Georgia Gov. Brian Kemp followed up in April by signing into law the Georgia Constitutional Carry Act allowing any legal gun owner to carry their weapon concealed without a permit or training. Kemp also signed a license reciprocity measure to allow those licensed to carry a weapon in another state to do so in Georgia. In April, he framed signage of the law as his refusal to "back down" from pressure from the left. "We’re doing what’s right for the people of our state," Kemp claimed.
He’s been noticeably less vocal about Music Midtown’s cancelation.
Festival officials tweeted on Monday: “Hey Midtown fans - due to circumstances beyond our control, Music Midtown will no longer be taking place this year. We were looking forward to reuniting in September and hope we can all get back to enjoying the festival together again soon.”
Democratic gubernatorial candidate Stacey Abrams tweeted on Monday that the music festival’s cancellation will cost the state’s economy $50 million. “It's shameful, but not surprising, that the governor cares more about protecting dangerous people carrying guns in public than saving jobs and keeping business in Georgia,” Abrams said.
Abrams said in a statement that small businesses and workers who rely on festivals like Music Midtown have now lost incomes that helped put food on their tables and roofs over their heads.
"Once again, as with his actions to ban reproductive care and to suppress voters, Kemp put his political ambitions above the welfare of the state. While he and his political allies will try to distract Georgians by casting blame elsewhere, we can see the truth: the real Brian Kemp refuses to take responsibility and hid is too extreme for Georgia.
Georgians deserve better - they deserve leadership that will not endanger our state's economic standing and the lives of Georgians to score political points. Brian Kemp must speak out and tell us why he allowed this to happen. Georgia needs leaders that respond to the gun violence epidemic in our state with laws that ensure accountability and keep our communities safe, not laws that make it easier for convicted criminals to carry concealed weapons in public while putting our economy at risk."

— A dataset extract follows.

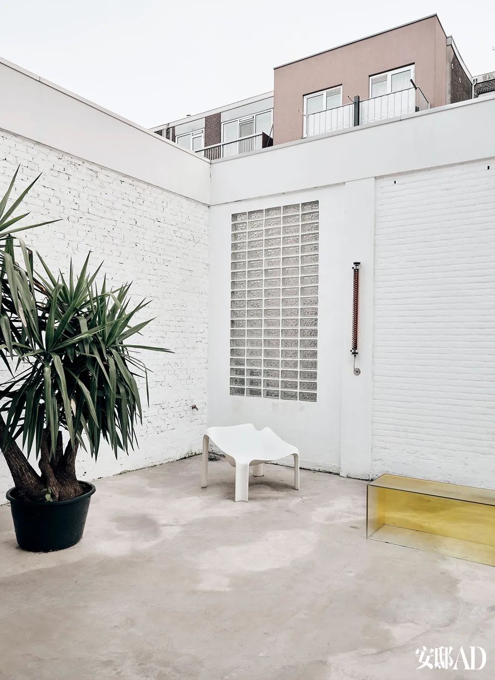 露台以后还会再改造为泳池区,嵌于外墙中的复古玻璃砖是Paul在法国发现的。白色的复古椅子出自Pierre Paulin,黄色玻璃长方体是Sabine为戛纳电影节荷兰馆设计的作品原型。
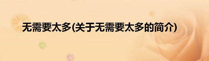 大家好,无需要太多,关于无需要太多的简介很多人还不知道,现在让我们一起来看看吧!

Rep. Lucy McBath, the Democratic nominee to represent Georgia’s 7th Congressional District, lost her 17-year-old son to gun violence in 2012. The teen, Jordan, was shot and killed at a gas station in Jacksonville, Florida, because a white man deemed Jordan's music too loud. McBath has since advocated for laws to protect Georgians from gun violence.
She tweeted on Monday that Kemp’s “reckless extremism has driven out millions of dollars for our state and communities.
“Republicans made it easier for criminals to carry weapons — not only putting our safety at risk, but our economy too,” McBath added.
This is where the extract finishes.